Cressida hesitated. She looked at the sallow, angular face, and instantly dismissed the thought that Miss Glory could have had any interest in prowling about the house at night.
“Yes, thank you,” she said politely. “And thank you very much for the tea.”
“You’re welcome.” The softness momentarily came back into the brown eyes. “It’s nice to see a young face about.”
As the result of Miss Glory’s thoughtful visit, Cressida’s mercurial spirits soared again.
But the grave has no need of a key…
Those words did not belong to this fine morning. They were part of last night’s nightmare, and to be forgotten as a nightmare was on waking. She drank her tea, then sang as she bathed and dressed. The clatter of bottles announced the arrival of the milkman, and she went out to get her milk just as Mrs. Stanhope was saying goodbye to Dawson at the front door. Dawson, the tall gangling boy, stooped to kiss his mother, then saw Cressida and gave her a shy nod, not looking at her.

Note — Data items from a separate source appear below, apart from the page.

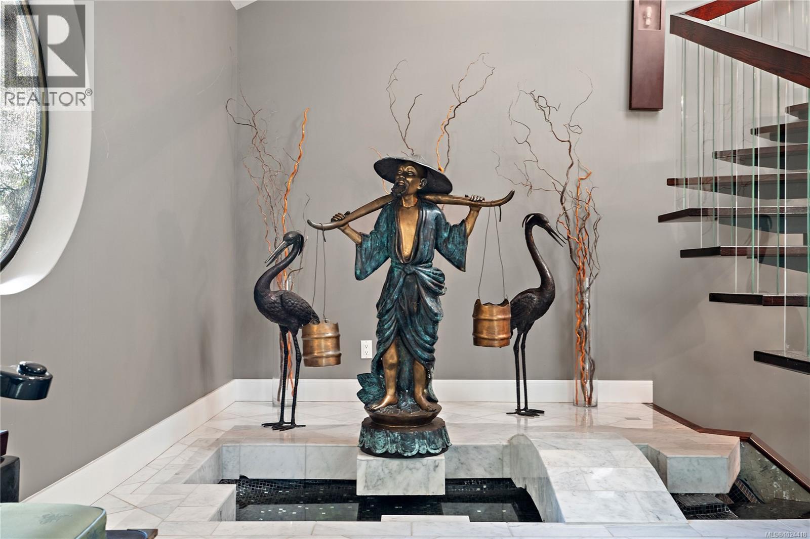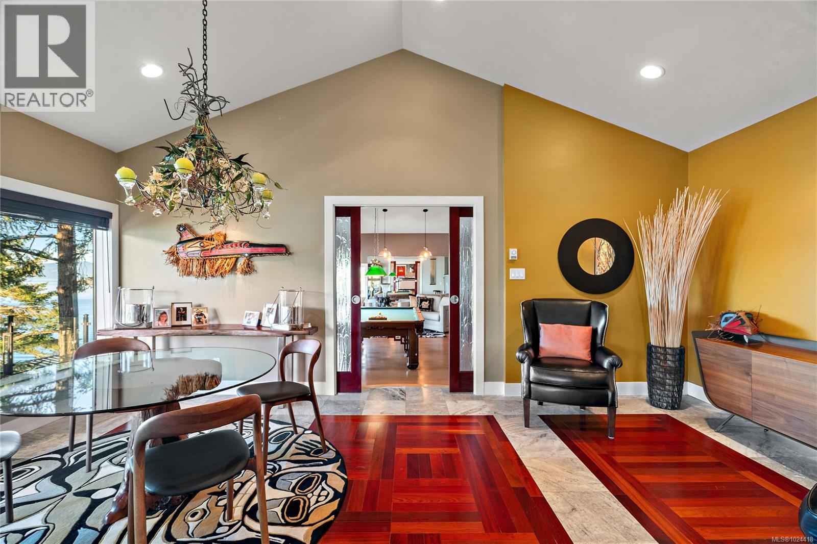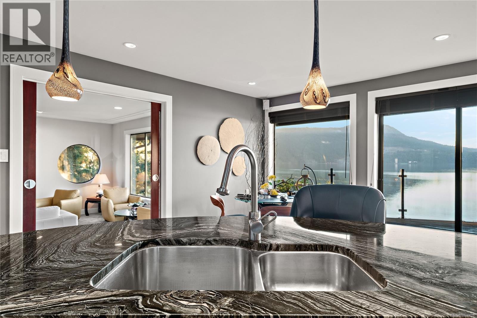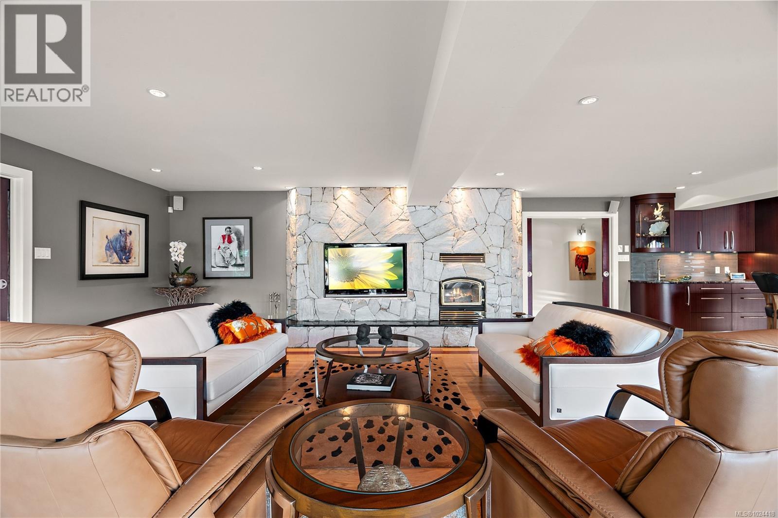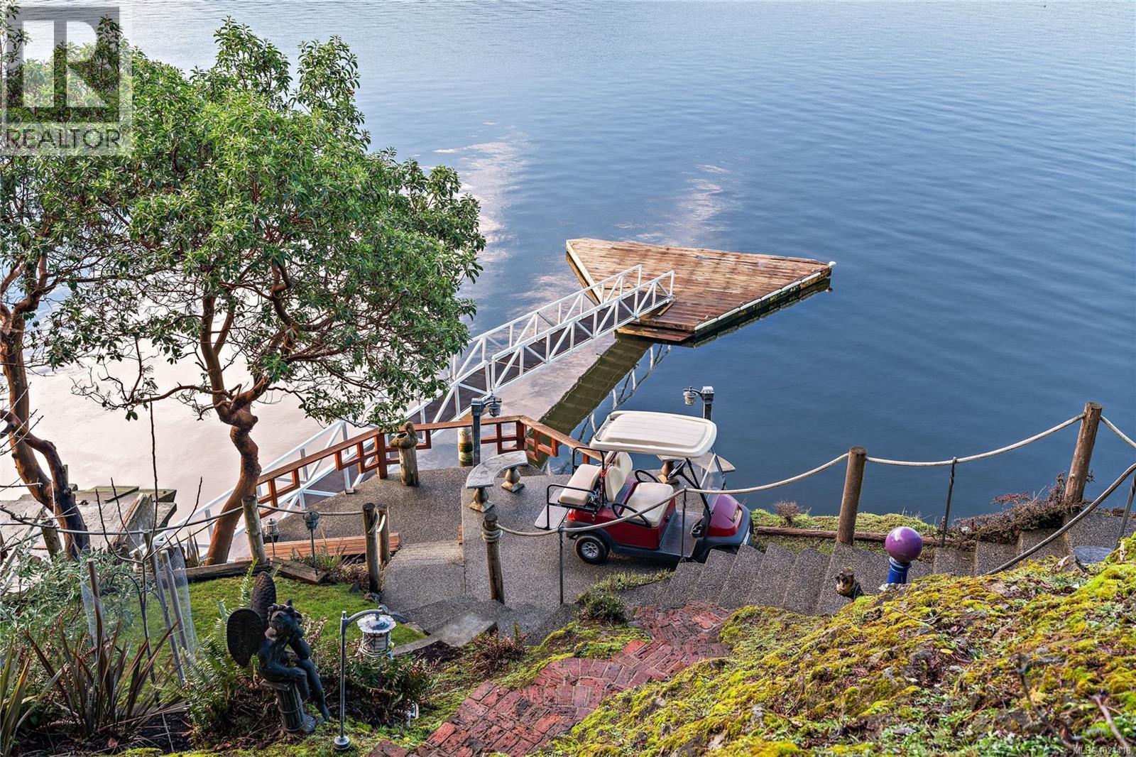 Discover this exceptional 3-bed, 4-bath, 7,091 sq ft custom-built waterfront estate on nearly an acre at the tip of Willis Point with a registered foreshore featuring a deep-water dock and slipway boat launch. Positioned to capture panoramic 180-degree Saanich Inlet views with west-facing exposure, this home bathes in natural light from sunrise to sunset. A grand 2-storey entrance greets you with a striking staircase and water feature setting a luxurious tone. Vaulted ceilings, floor-to-ceiling picture windows, and open-concept design create seamless indoor-outdoor living. Designer details include custom stone and millwork, refined crown molding, and luxurious finishes throughout. An entertainer's dream, the high-end chef's kitchen anchors the main level, where every principal room flows onto expansive decks overlooking protected inlet waters. The primary suite offers a private sanctuary with breathtaking views and spa-inspired ensuite. Lower level includes a media room, office, a kitchen and separate entrance making the addition of a suite simple. Meticulously terraced grounds provide easy waterfront access. The deep-water dock and slipway boat launch is perfect for kayaking, swimming, and boating. Tiered gardens with paver walkways showcase exceptional landscaping. Large accessory building accommodates RV/boat storage. Take advantage of the nearby wooded walking/biking trails, parks, lakes and beaches. This is more than a home—it's a lifestyle. An opportunity not to be missed for those seeking the ultimate in coastal luxury and year-round outdoor recreation. (id:2469)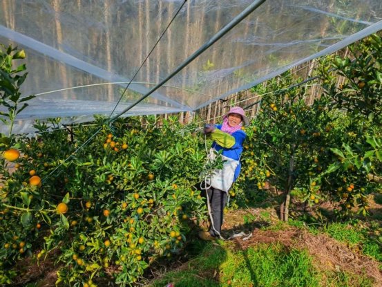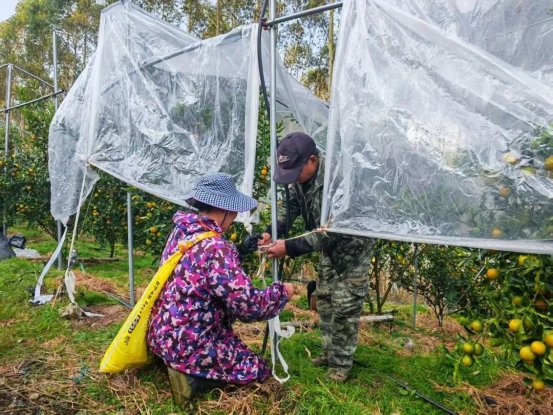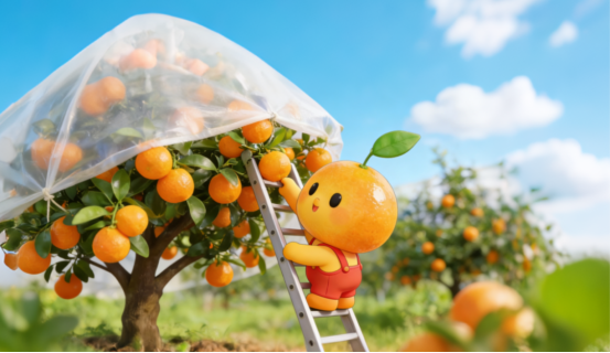 别小看这层薄薄的薄膜,它堪称“多功能防护盾”:既能防雨防晒,又能抵御霜冻,有效杜绝后期裂果、落果,还能延长采收期,让金桔在枝头充分积累糖分,确保每一颗都甜脆多汁、品质上乘!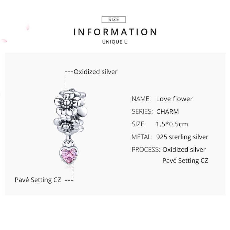 BAMOER Romantic Flower Series Love Flower Charm 925 Sterling Silver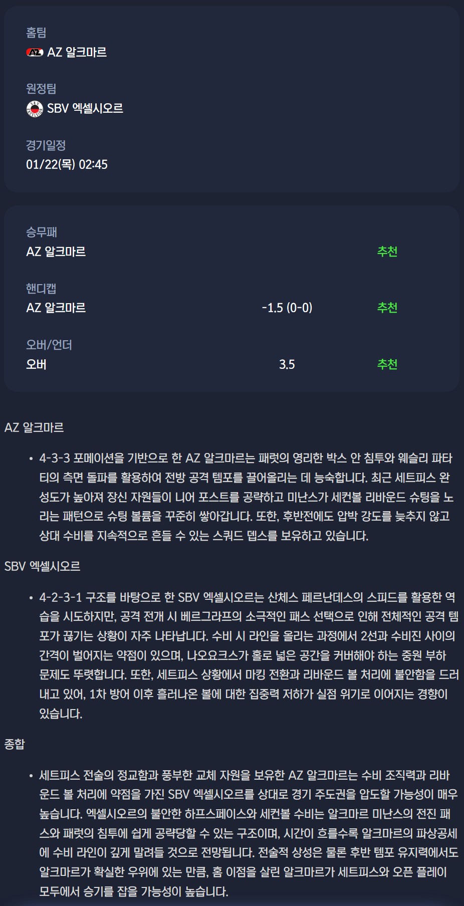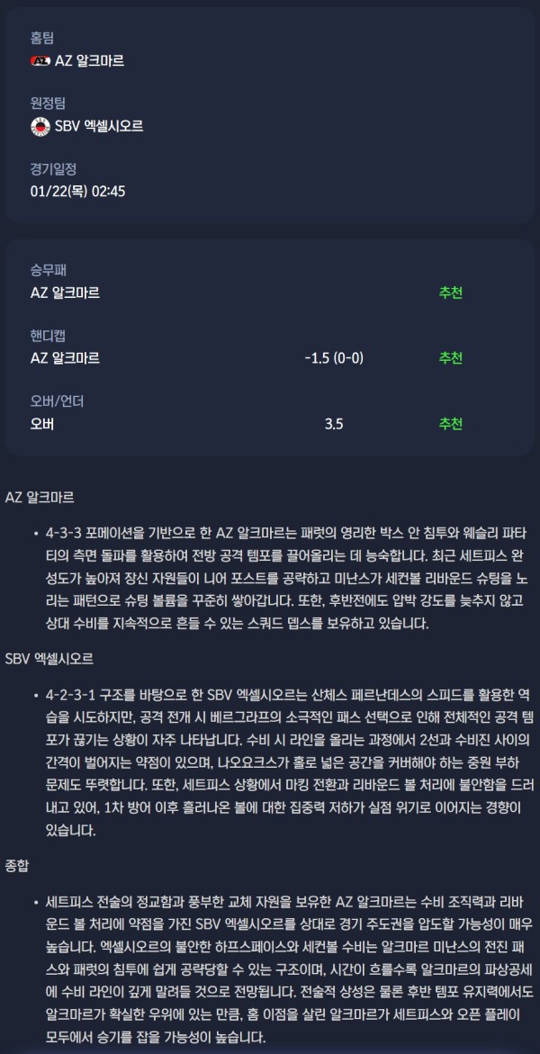 AZ 알크마르 vs SBV 엑셀시오르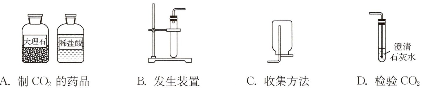 5. (北京)下列关于CO₂的实验室制取及检验的说法不正确的是 (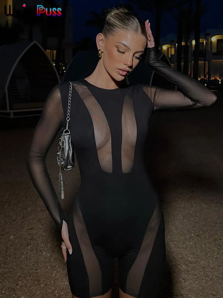 Sheer Mesh Women's Romper - Sexy Bodycon One Piece with Full Sleeves - 2023 Summer Trend - Club, Streetwear, Rave Outfit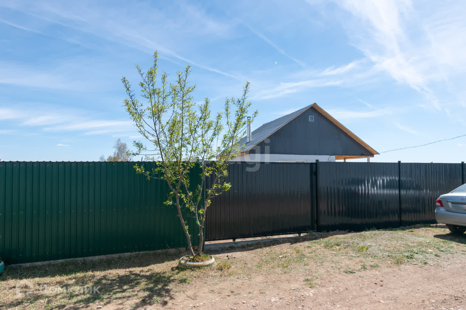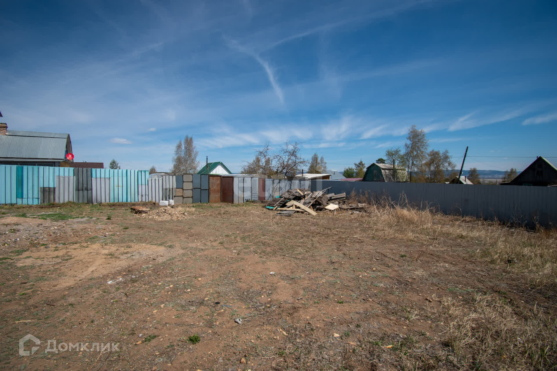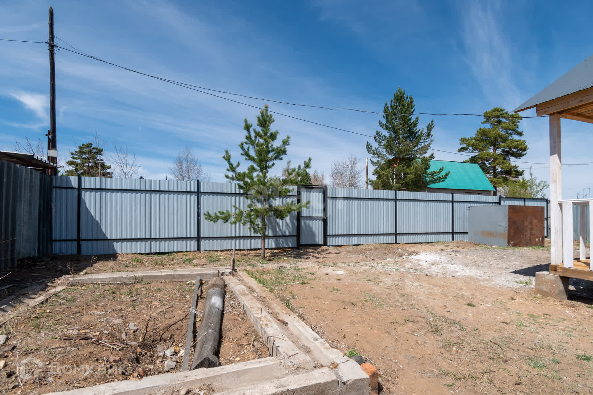 Участок 6 соток, лицевая сторона забора из профлиста с откатными воротами.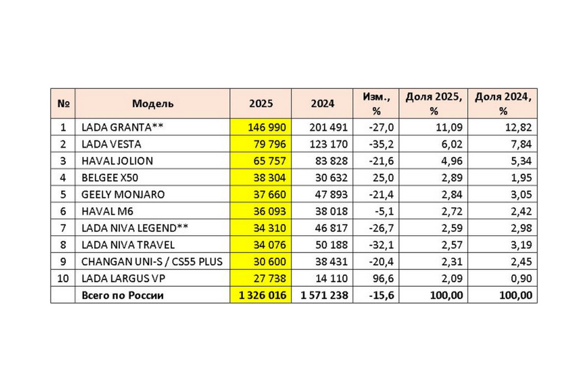 В модельном рейтинге лидируют Lada Granta (146 990 шт.), Lada Vesta (79 796 шт.), Haval Jolion (65 757 шт.), Belgee X50 (38 304 шт.), Geely Monjaro (37 660 шт.), Haval M6 (36 093 шт.), Lada Niva Legend (34 310 шт.), Lada Niva Travel (34 076 шт.), Changan UNI-S/CS55 Plus (30 600 шт.) и Lada Largus VP (27 738 шт.).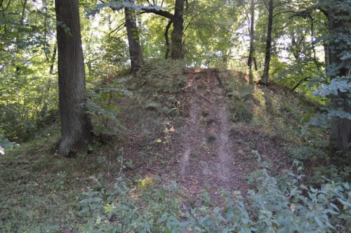 Samochód parkujemy przy cmentarzu, gródek znajduję się zaraz na przeciwko. Ładny kopiec otoczony fosą oraz częściowo wałem.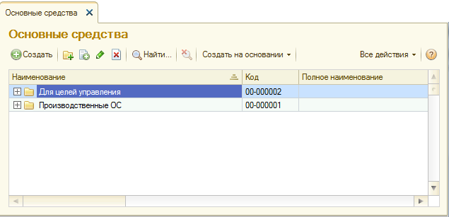 Ввести в справочник «Основные средства» два элемента-группы «Производственные ОС» и «Для целей управления».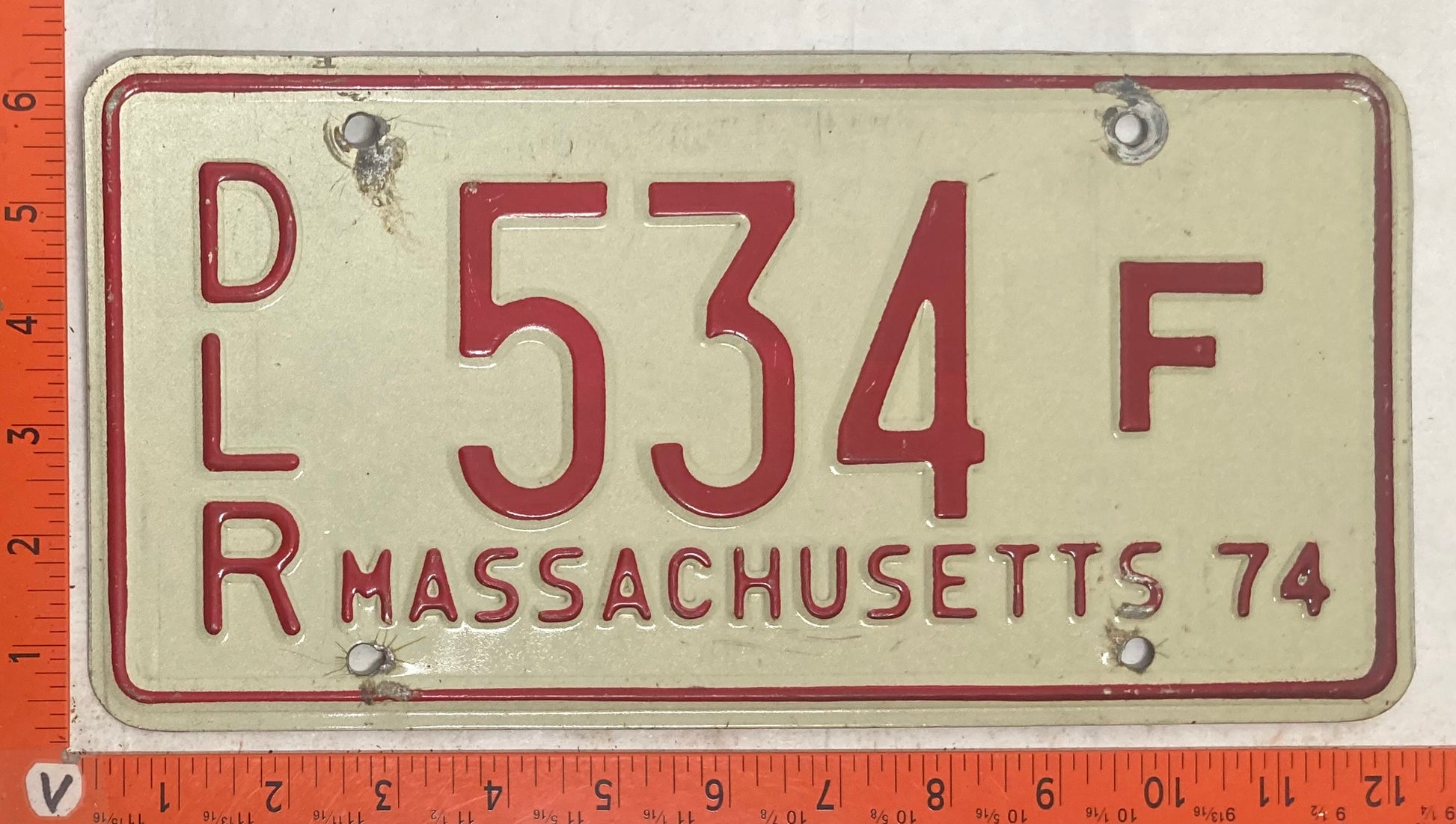 1974 Massachusetts #D/L/R 534 F Dealer License Plate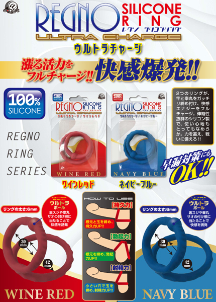 着け方次第で射精力・勃起力・持久力が高まる!2つの輪でガッチリ締め付けサポートする柔らかく伸縮性抜群のシリコン100%使用したペニスリング(青)。締め付け感を味わいながらウルトラボールで快感を呼び起こす!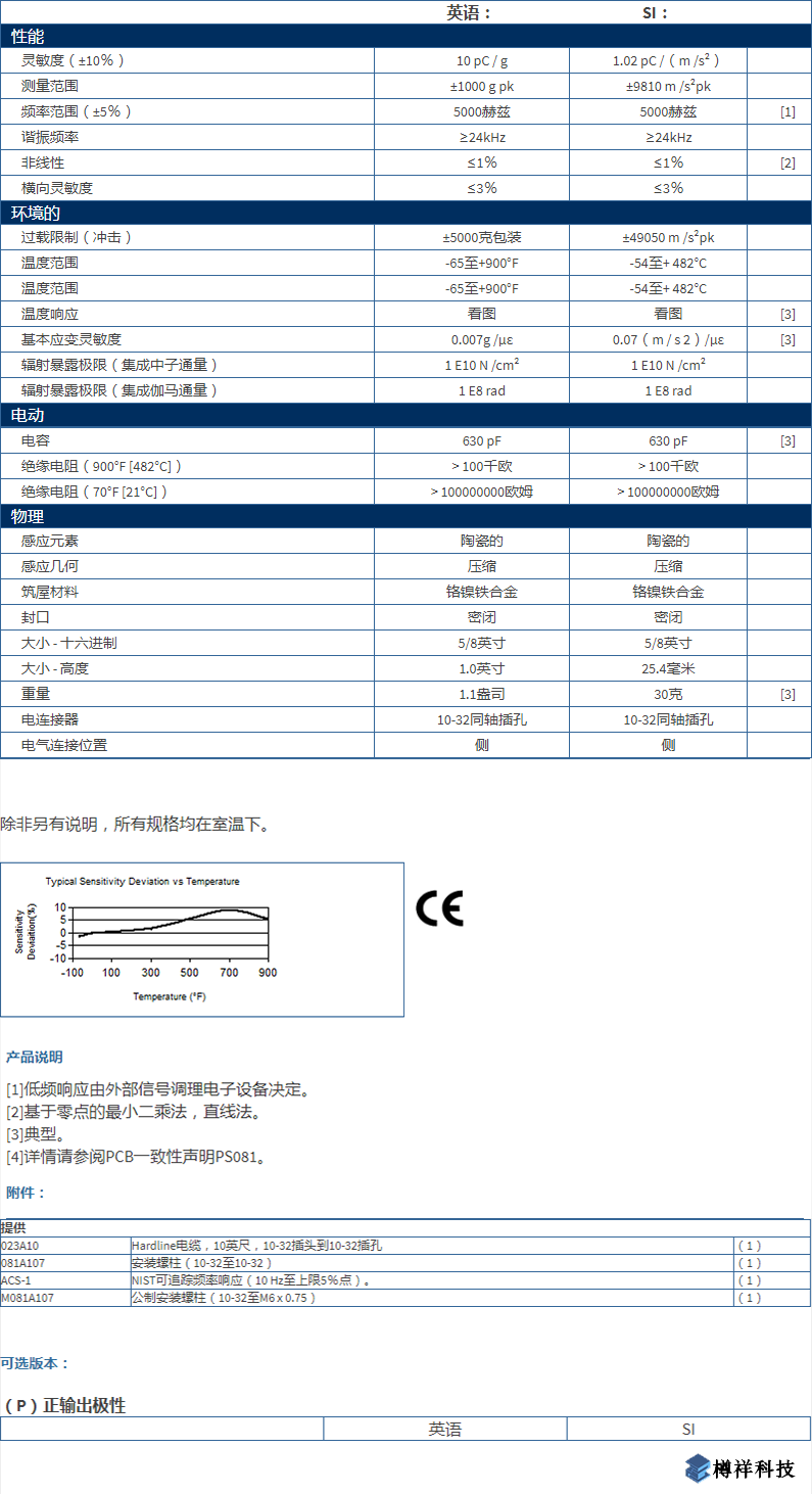 美國進口PCB單軸加速度振動傳感器357B61型,高溫,陶瓷壓縮,電荷輸出加速,10 pC / g,5kHz,10-32側連接。(-65°F至+ 900°F),配有10英尺硬線電纜靈敏度:(±10%)10 pC / g(1.02 pC /(m /s2))測量范圍:±1000 g pk(±9810 m /s2pk)頻率范圍:(±5%)5000 Hz重量:1.1盎司(30克)。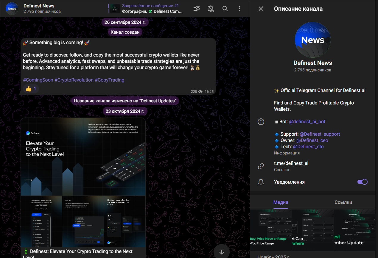 Платформа Definest ai позиционируется одним из лучших алгоритмов для копирования сделок на децентрализованных биржах. Чтобы зарегистрироваться в системе, необходимо активировать бота в Телеграмм. Он в свою очередь потребует подписаться на три телеграмм-канала. Один из них освещает главные новости сервиса, второй чат для обсуждения и третий рекламирует крипто-кошелек экосистемы. Весь контент на английском.

He was at the awkward stage, Cressida thought, and couldn’t be criticised for his somewhat offhand manners, but she still could find nothing particular to like about him. He had a long, narrow head covered with spiky hair, his skin was pale, and his eyes behind thick glasses were myopic. Poor boy, he hadn’t been endowed with much physical beauty, but obviously his mother doted on him, and obviously also he was a devoted son.